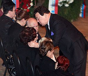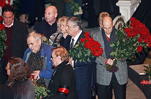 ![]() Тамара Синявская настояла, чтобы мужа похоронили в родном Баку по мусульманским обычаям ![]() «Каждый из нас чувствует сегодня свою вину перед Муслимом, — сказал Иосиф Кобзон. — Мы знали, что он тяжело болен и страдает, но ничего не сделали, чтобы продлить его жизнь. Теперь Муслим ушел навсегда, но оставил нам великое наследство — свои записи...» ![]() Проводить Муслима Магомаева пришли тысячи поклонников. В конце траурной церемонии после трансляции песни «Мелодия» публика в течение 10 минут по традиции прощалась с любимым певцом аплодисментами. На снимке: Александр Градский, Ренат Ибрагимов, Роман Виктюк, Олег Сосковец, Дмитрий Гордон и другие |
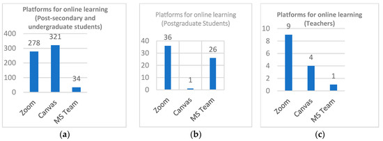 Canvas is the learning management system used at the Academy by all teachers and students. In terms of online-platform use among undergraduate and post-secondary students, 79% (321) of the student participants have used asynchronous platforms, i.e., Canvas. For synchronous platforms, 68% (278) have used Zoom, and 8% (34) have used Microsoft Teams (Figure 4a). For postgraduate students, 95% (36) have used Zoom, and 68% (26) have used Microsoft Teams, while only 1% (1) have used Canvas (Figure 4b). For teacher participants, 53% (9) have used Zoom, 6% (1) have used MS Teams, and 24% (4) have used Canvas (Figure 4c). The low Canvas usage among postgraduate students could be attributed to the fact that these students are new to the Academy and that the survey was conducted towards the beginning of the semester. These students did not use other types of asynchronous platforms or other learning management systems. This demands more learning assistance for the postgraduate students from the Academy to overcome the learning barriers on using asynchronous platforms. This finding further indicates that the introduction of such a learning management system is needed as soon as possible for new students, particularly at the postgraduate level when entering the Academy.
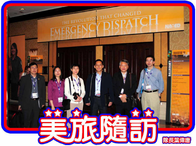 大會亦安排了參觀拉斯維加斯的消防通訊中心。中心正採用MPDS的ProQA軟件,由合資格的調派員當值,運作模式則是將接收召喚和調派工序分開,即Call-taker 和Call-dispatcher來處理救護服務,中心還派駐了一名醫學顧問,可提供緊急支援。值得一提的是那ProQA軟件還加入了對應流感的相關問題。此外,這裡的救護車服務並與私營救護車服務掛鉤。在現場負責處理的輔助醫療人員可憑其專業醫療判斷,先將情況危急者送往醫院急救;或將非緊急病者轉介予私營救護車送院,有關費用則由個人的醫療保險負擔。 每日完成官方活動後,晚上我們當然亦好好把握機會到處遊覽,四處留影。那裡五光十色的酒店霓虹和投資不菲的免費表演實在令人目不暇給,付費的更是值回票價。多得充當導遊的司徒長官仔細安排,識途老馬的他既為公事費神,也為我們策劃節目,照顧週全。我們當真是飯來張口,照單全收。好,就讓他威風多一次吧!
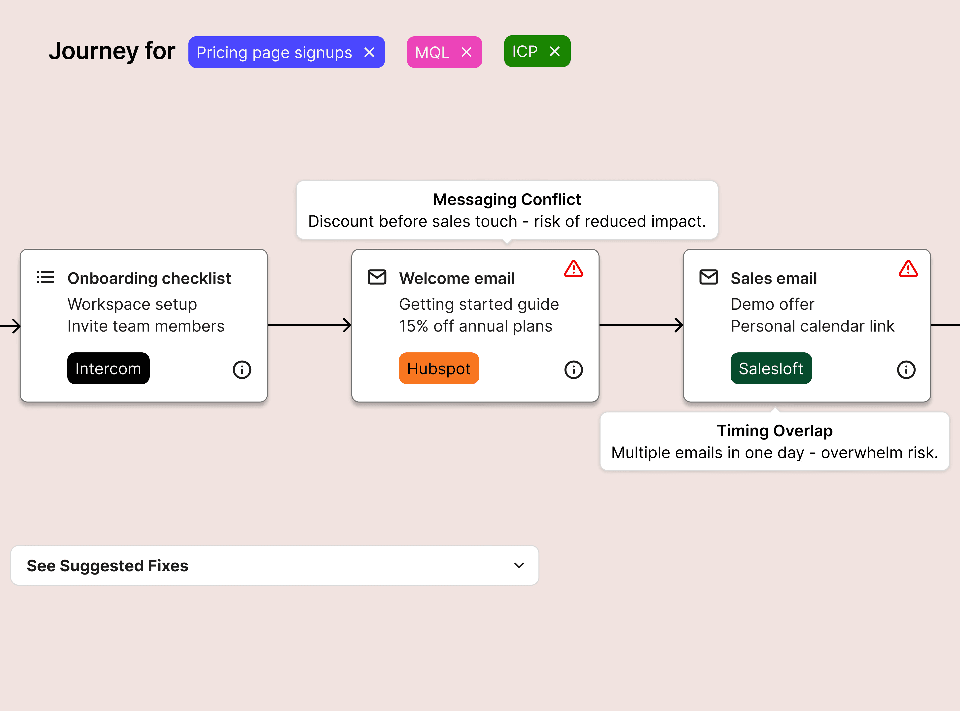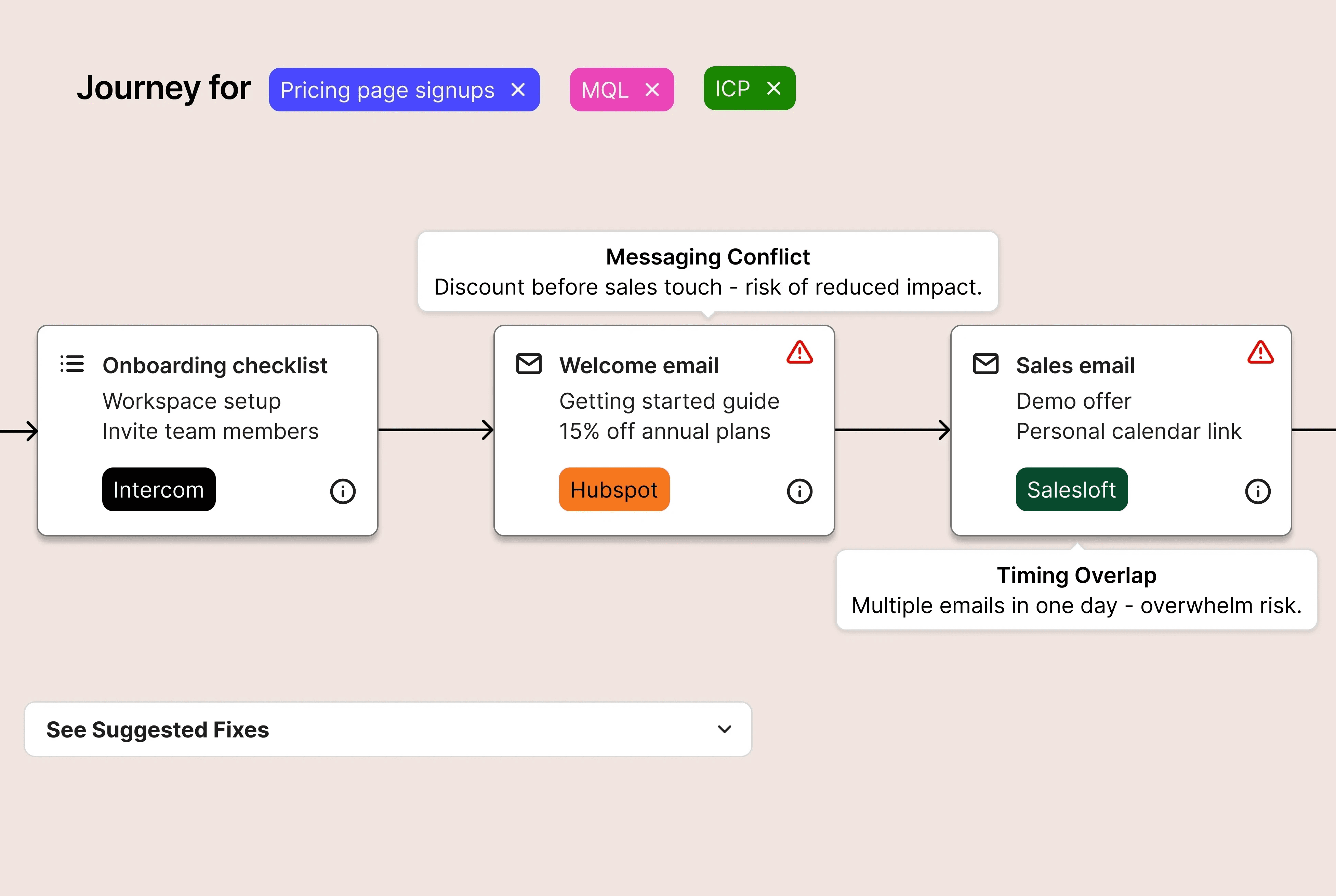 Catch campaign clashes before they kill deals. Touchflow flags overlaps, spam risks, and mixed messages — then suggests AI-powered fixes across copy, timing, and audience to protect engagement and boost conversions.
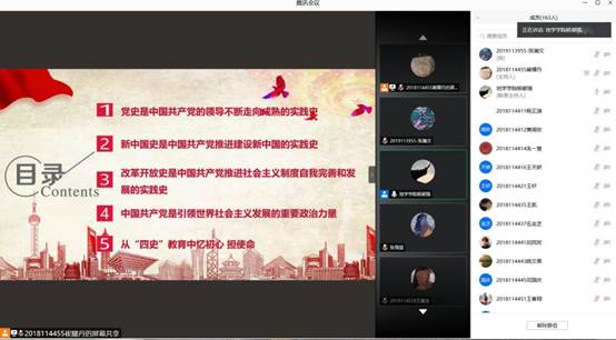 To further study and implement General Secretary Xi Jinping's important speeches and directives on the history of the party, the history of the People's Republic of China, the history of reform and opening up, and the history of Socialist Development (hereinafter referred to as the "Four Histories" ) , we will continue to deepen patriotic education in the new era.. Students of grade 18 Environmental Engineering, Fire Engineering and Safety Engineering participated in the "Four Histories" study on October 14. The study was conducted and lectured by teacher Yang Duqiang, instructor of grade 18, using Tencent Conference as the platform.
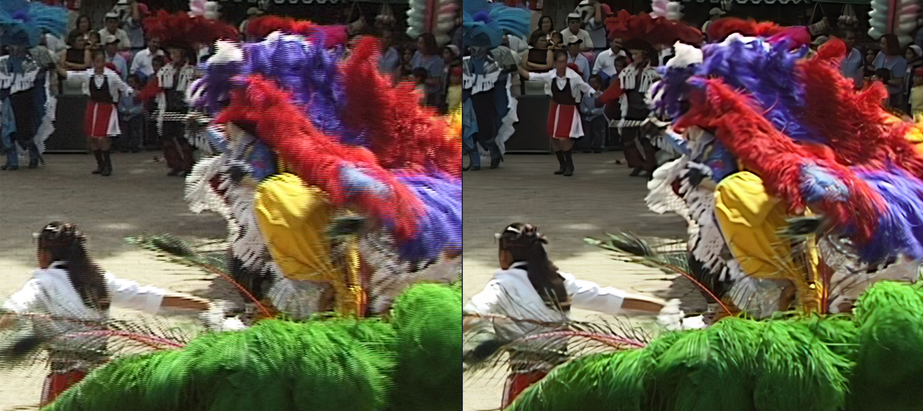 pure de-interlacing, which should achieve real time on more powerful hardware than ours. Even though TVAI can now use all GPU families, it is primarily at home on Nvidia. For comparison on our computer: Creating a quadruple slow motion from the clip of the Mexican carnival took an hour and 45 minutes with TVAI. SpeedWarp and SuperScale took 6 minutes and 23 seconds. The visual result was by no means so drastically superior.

━━━━━━━━━━

With the pictures left out, transcribe the material exactly.

__Expected output__:
 ![]() Тамара Синявская настояла, чтобы мужа похоронили в родном Баку по мусульманским обычаям ![]() «Каждый из нас чувствует сегодня свою вину перед Муслимом, — сказал Иосиф Кобзон. — Мы знали, что он тяжело болен и страдает, но ничего не сделали, чтобы продлить его жизнь. Теперь Муслим ушел навсегда, но оставил нам великое наследство — свои записи...» ![]() Проводить Муслима Магомаева пришли тысячи поклонников. В конце траурной церемонии после трансляции песни «Мелодия» публика в течение 10 минут по традиции прощалась с любимым певцом аплодисментами. На снимке: Александр Градский, Ренат Ибрагимов, Роман Виктюк, Олег Сосковец, Дмитрий Гордон и другие |
 Canvas is the learning management system used at the Academy by all teachers and students. In terms of online-platform use among undergraduate and post-secondary students, 79% (321) of the student participants have used asynchronous platforms, i.e., Canvas. For synchronous platforms, 68% (278) have used Zoom, and 8% (34) have used Microsoft Teams (Figure 4a). For postgraduate students, 95% (36) have used Zoom, and 68% (26) have used Microsoft Teams, while only 1% (1) have used Canvas (Figure 4b). For teacher participants, 53% (9) have used Zoom, 6% (1) have used MS Teams, and 24% (4) have used Canvas (Figure 4c). The low Canvas usage among postgraduate students could be attributed to the fact that these students are new to the Academy and that the survey was conducted towards the beginning of the semester. These students did not use other types of asynchronous platforms or other learning management systems. This demands more learning assistance for the postgraduate students from the Academy to overcome the learning barriers on using asynchronous platforms. This finding further indicates that the introduction of such a learning management system is needed as soon as possible for new students, particularly at the postgraduate level when entering the Academy.
 大會亦安排了參觀拉斯維加斯的消防通訊中心。中心正採用MPDS的ProQA軟件,由合資格的調派員當值,運作模式則是將接收召喚和調派工序分開,即Call-taker 和Call-dispatcher來處理救護服務,中心還派駐了一名醫學顧問,可提供緊急支援。值得一提的是那ProQA軟件還加入了對應流感的相關問題。此外,這裡的救護車服務並與私營救護車服務掛鉤。在現場負責處理的輔助醫療人員可憑其專業醫療判斷,先將情況危急者送往醫院急救;或將非緊急病者轉介予私營救護車送院,有關費用則由個人的醫療保險負擔。 每日完成官方活動後,晚上我們當然亦好好把握機會到處遊覽,四處留影。那裡五光十色的酒店霓虹和投資不菲的免費表演實在令人目不暇給,付費的更是值回票價。多得充當導遊的司徒長官仔細安排,識途老馬的他既為公事費神,也為我們策劃節目,照顧週全。我們當真是飯來張口,照單全收。好,就讓他威風多一次吧!
 Catch campaign clashes before they kill deals. Touchflow flags overlaps, spam risks, and mixed messages — then suggests AI-powered fixes across copy, timing, and audience to protect engagement and boost conversions.
 To further study and implement General Secretary Xi Jinping's important speeches and directives on the history of the party, the history of the People's Republic of China, the history of reform and opening up, and the history of Socialist Development (hereinafter referred to as the "Four Histories" ) , we will continue to deepen patriotic education in the new era.. Students of grade 18 Environmental Engineering, Fire Engineering and Safety Engineering participated in the "Four Histories" study on October 14. The study was conducted and lectured by teacher Yang Duqiang, instructor of grade 18, using Tencent Conference as the platform.
 pure de-interlacing, which should achieve real time on more powerful hardware than ours. Even though TVAI can now use all GPU families, it is primarily at home on Nvidia. For comparison on our computer: Creating a quadruple slow motion from the clip of the Mexican carnival took an hour and 45 minutes with TVAI. SpeedWarp and SuperScale took 6 minutes and 23 seconds. The visual result was by no means so drastically superior.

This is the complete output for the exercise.